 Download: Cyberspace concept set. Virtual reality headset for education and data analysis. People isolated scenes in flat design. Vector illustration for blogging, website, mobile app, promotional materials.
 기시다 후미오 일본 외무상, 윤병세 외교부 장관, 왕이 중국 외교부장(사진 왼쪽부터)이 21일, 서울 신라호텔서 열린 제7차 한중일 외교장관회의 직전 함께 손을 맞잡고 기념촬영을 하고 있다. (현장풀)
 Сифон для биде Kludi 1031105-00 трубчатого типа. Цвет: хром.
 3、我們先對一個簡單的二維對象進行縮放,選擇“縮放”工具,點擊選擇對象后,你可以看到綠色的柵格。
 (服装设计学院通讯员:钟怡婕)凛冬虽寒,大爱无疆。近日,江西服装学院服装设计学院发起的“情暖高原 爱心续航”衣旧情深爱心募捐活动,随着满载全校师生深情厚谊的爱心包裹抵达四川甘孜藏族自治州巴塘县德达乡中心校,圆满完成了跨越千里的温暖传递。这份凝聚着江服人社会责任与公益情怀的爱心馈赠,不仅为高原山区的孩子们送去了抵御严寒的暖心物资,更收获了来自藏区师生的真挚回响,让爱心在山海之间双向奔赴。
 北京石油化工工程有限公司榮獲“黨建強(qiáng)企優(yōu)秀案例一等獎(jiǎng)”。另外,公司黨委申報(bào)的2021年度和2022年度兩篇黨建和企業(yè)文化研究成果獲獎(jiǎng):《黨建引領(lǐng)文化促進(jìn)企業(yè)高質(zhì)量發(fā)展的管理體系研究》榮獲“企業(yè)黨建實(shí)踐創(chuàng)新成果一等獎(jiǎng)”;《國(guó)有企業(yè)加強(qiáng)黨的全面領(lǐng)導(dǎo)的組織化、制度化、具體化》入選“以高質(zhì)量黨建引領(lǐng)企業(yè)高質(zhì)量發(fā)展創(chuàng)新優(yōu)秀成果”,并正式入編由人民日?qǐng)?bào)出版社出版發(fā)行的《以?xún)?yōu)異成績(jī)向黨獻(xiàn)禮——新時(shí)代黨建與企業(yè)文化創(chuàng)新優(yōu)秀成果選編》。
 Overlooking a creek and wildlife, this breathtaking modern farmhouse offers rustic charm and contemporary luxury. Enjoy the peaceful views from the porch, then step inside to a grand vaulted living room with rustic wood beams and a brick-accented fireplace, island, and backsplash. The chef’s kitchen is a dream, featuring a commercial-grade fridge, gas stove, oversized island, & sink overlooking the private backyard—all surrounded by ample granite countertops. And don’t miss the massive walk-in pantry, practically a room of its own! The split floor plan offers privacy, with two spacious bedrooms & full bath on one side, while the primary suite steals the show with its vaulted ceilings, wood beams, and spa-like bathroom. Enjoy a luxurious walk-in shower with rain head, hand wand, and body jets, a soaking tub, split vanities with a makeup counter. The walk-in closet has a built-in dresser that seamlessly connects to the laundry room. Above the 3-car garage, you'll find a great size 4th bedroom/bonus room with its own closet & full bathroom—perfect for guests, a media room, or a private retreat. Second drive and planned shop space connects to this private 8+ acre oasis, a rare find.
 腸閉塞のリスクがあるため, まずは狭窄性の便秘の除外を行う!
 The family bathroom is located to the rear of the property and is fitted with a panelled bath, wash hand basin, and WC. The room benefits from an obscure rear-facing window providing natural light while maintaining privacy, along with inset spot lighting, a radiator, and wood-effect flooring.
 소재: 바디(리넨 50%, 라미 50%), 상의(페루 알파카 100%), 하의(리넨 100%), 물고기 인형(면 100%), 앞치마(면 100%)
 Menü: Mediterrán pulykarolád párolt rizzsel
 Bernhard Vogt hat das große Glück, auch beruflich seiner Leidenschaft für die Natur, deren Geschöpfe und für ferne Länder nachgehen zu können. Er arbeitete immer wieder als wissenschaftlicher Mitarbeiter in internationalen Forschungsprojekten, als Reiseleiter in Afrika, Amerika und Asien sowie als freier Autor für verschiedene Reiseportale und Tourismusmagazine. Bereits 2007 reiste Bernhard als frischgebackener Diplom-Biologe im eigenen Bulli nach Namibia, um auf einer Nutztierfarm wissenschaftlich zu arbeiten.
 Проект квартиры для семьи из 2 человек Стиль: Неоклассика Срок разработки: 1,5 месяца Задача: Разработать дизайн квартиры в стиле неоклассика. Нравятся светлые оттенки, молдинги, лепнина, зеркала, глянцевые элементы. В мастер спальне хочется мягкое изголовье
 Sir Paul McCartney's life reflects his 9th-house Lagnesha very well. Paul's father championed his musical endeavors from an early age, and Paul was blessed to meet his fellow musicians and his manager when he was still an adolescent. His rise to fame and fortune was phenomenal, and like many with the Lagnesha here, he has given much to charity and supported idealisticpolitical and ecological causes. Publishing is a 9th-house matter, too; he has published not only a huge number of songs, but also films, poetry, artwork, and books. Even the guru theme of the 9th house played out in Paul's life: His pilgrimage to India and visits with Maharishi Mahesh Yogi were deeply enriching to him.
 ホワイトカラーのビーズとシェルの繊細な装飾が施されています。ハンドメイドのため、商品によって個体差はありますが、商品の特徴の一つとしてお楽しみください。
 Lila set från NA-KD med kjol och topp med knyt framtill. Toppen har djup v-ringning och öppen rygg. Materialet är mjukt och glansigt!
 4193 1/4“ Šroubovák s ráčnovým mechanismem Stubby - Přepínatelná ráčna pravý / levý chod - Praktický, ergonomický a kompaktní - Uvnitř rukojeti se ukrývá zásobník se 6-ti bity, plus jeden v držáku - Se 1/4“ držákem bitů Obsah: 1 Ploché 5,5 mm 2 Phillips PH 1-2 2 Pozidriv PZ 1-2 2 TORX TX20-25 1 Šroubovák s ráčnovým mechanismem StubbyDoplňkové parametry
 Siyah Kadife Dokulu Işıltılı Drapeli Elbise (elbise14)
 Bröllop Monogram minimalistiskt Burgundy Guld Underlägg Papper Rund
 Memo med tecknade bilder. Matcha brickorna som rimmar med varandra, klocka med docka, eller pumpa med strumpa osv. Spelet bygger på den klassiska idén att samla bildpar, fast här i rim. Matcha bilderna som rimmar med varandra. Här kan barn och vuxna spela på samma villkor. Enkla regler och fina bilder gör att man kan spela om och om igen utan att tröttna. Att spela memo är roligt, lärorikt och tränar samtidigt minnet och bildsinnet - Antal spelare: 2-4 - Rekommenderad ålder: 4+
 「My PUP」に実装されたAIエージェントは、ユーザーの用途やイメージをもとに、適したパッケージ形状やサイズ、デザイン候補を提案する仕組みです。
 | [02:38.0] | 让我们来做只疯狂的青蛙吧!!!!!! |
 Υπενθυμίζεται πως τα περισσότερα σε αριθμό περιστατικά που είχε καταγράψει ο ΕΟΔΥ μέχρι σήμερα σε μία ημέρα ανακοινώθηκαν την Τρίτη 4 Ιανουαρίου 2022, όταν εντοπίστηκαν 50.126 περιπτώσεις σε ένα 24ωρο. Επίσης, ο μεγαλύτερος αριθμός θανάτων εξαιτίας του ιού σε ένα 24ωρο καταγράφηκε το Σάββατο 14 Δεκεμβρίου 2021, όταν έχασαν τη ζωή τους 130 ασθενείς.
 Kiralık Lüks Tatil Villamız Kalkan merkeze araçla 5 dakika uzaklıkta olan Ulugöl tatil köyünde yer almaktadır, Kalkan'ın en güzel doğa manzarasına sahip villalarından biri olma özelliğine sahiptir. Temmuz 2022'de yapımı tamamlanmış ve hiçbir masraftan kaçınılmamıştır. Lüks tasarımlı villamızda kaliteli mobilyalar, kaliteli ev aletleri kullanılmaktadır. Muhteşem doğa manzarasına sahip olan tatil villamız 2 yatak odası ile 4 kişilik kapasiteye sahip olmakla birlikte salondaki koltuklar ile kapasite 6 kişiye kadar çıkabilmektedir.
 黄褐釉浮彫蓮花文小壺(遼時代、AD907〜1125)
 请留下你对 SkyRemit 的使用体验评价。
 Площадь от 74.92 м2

• What is needed:
Write out exactly the final stretch of the records: the line containing "Kiralık Lüks Tatil" and every line after it, through the last, and nothing else.

• Expected output:
 Kiralık Lüks Tatil Villamız Kalkan merkeze araçla 5 dakika uzaklıkta olan Ulugöl tatil köyünde yer almaktadır, Kalkan'ın en güzel doğa manzarasına sahip villalarından biri olma özelliğine sahiptir. Temmuz 2022'de yapımı tamamlanmış ve hiçbir masraftan kaçınılmamıştır. Lüks tasarımlı villamızda kaliteli mobilyalar, kaliteli ev aletleri kullanılmaktadır. Muhteşem doğa manzarasına sahip olan tatil villamız 2 yatak odası ile 4 kişilik kapasiteye sahip olmakla birlikte salondaki koltuklar ile kapasite 6 kişiye kadar çıkabilmektedir.
 黄褐釉浮彫蓮花文小壺(遼時代、AD907〜1125)
 请留下你对 SkyRemit 的使用体验评价。
 Площадь от 74.92 м2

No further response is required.